Is that 48ma a peak or RMS measurement?

Assuming it is an RMS measurement, since your power supply is plus and minus 10v that means the output voltage peak would be 10v which is not RMS. To convert that to RMS you would divide by the square root of 2.
With both current and voltage in RMS you can then multiply.
If the 48ma is a peak measurement, then you convert that to RMS too before you multiply.

yes thank you very much!!this is my ltspice schematic and I would like to know if there is any ltspice directive to measure the efficiency correctly. The schematic is attached.. With the RMS values I have 10V/sqrt(2) * (48mA/sqrt(2) = 0.245, so in percentual is 24%. I think it is good..

 

yes thank you very much!!this is my ltspice schematic and I would like to know if there is any ltspice directive to measure the efficiency correctly. The schematic is attached.. With the RMS values I have 10V/sqrt(2) * (48mA/sqrt(2) = 0.245, so in percentual is 24%. I think it is good..

Hi,

Well just to be clear, did you find that 48ma to be a peak measurement as well? Because if that is RMS then the result comes closer to 0.339 watts or something like that. That also assumes zero voltage drop in the output stage transistors and does not include output transistor drive current and stuff like that. If your transistors drop say 1.0 volts, then you would start with 9v instead of 10v.
I'll see if I can run your asc file.

Ok I tried to open your LT Spice file but it would not open for me. All it says is "ignoring unknown V" and then provides a blank schematic. It could be because I am using an older version of the program, but I don't want to update just yet because they changed things a lot and added a lot of unnecessary stuff.
You could post a screen shot (picture image) of your most recent schematic I can work from that.

 

Hi,

Well just to be clear, did you find that 48ma to be a peak measurement as well? Because if that is RMS then the result comes closer to 0.339 watts or something like that. That also assumes zero voltage drop in the output stage transistors and does not include output transistor drive current and stuff like that. If your transistors drop say 1.0 volts, then you would start with 9v instead of 10v.
I'll see if I can run your asc file.

Ok I tried to open your LT Spice file but it would not open for me. All it says is "ignoring unknown V" and then provides a blank schematic. It could be because I am using an older version of the program, but I don't want to update just yet because they changed things a lot and added a lot of unnecessary stuff.
You could post a screen shot (picture image) of your most recent schematic I can work from that.

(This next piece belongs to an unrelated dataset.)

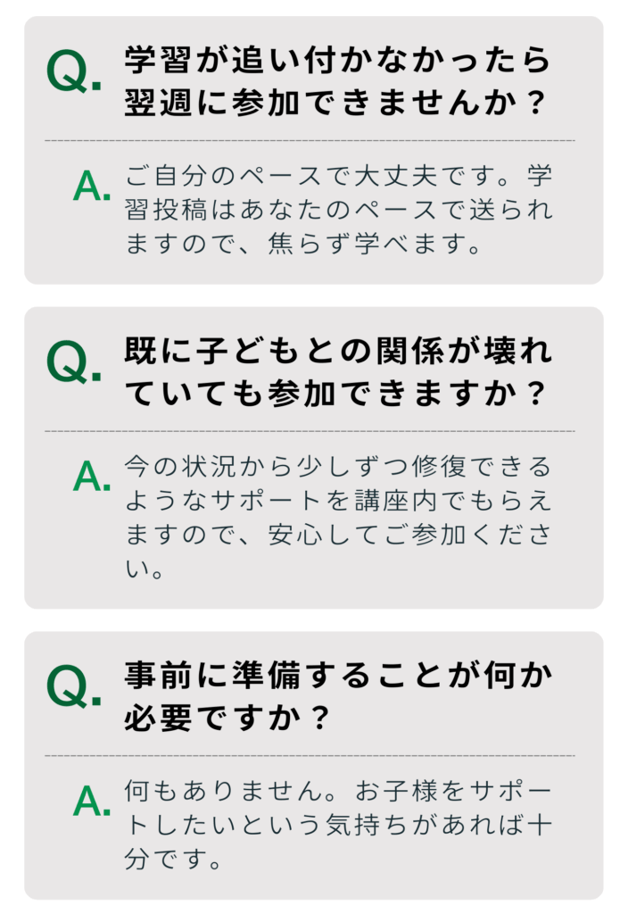 一人ではなくて、一緒に学べてとってもよかったです。特に2年前から学校に行っていない娘に加えて、ちょうどこの講座を受けている最中に、長男が行きたくないと言い始めたり、転校したばかりの次男も行きたくないという日があったりしていたので、まさに必要なタイミングで受講でき、本当に助けになりました。これを受けていなかったら受け入れられなくて子供も私も大変だったと思います。

Yes of course, thank you!! In the attachment I also include the screen of the operating point of each component in the schematic at least it will be clear to observe the voltages and currents involved..

 

Yes of course, thank you!! In the attachment I also include the screen of the operating point of each component in the schematic at least it will be clear to observe the voltages and currents involved..

What was it you were after now, was it the efficiency? There are a lot of stages to consider, but since you have a schematic in a spice environment probably the easiest way to find the efficiency is to measure it.

If you cannot find any other way, here is one way to do it...
1. Measure the current coming from the power supply, multiply that by the voltage of the power supply (would have to do both rails).
2. Average this over time, that gives you the power input. There might be a function "avg" you can use, but if not, you just low pass filter it with say a 10k resistor and a large capacitor. The input power measurement is then taken from across the capacitor.
3. Repeat all that for the output voltage and current into the load.
4. Now that you have Pin and Pout, use division Pin/Pout and plot that.

Since the averages take a while to settle down you might have to wait a little bit for them to become steady and then the efficiency measurement will become steady. If it becomes almost steady but not quite perfectly steady, estimate where the average of that wave is, and that is usually not hard to do by looking at the plot.

One thing to watch out for is if any of the components have an internal voltage source of their own. In that cause you'd have to also estimate what power that is supplying to the device and add that in.